Elme Communities (ELME) Volatility Skew

Implied volatility skew shows how IV varies across strike prices for a given expiration. Steeper skews indicate higher demand for downside protection relative to upside speculation.

Elme Communities (ELME) operates in the Real Estate sector, specifically the REIT - Office industry, with a market capitalization near $180.4M, listed on NYSE, employing roughly 255 people, carrying a beta of 0.79 to the broader market. Elme Communities owns and operates uniquely positioned real estate assets in the Washington Metro area. Led by Paul T. McDermott, public since 1980-03-17.

Snapshot as of May 15, 2026.

Spot Price
$2.01
ATM IV
346.7%
IV Rank
86.4%
IV Percentile
99.2%
Term Structure Slope
-1.043

As of May 15, 2026, Elme Communities (ELME) at-the-money implied volatility is 346.7%. IV rank is 86.4% (where 0% is the 52-week low and 100% is the 52-week high). IV percentile is 99.2%. High IV rank typically favors premium-selling strategies; low IV rank favors premium-buying.

ELME Strategy Selection at Current Volatility Levels

For Elme Communities options at 346.7% ATM IV, high IV rank (86.4%) favors premium-selling structures: credit spreads, iron condors, covered calls, cash-secured puts. The risk: a continued vol expansion through high-rank levels is rare but expensive when it happens. Pair the vol-rank read with the dealer-gamma view and the upcoming-events calendar to confirm the strategy fits both the structural regime and the path-dependent risk. The variance risk premium - the persistent gap between implied and subsequently realized vol - is positive in equity markets on average; high IV rank typically reflects a stretch where the premium is wider than usual.
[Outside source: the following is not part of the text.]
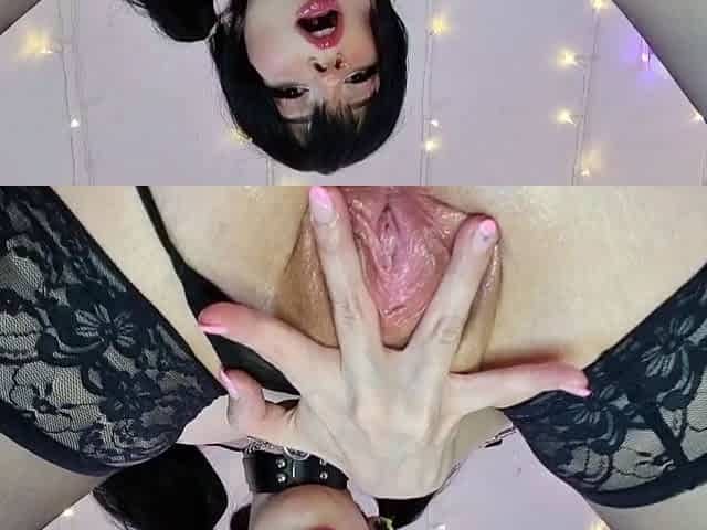 Pink labia close up of naive brunette

Learn how volatility skew is reported and how to read the data →

Frequently asked ELME volatility skew questions

What is the current ELME ATM implied volatility?
As of May 15, 2026, Elme Communities (ELME) at-the-money implied volatility is 346.7%. IV rank is 86.4% on a 0-100% scale anchored to the 1-year IV range. ATM IV is the volatility input that makes a Black-Scholes-equivalent model reproduce the listed at-the-money option prices.
Is ELME IV high or low historically?
IV is elevated relative to its 1-year history, conditions that typically favor premium-selling strategies (credit spreads, iron condors, covered calls).
What does ELME volatility skew tell options traders?
Volatility skew is the pattern by which IV varies across strikes for a given expiration. Skew matters for risk-defined strategy selection: when downside puts are rich, put-credit spreads capture more premium; when upside calls are rich, call-credit spreads or covered-call writes harvest more.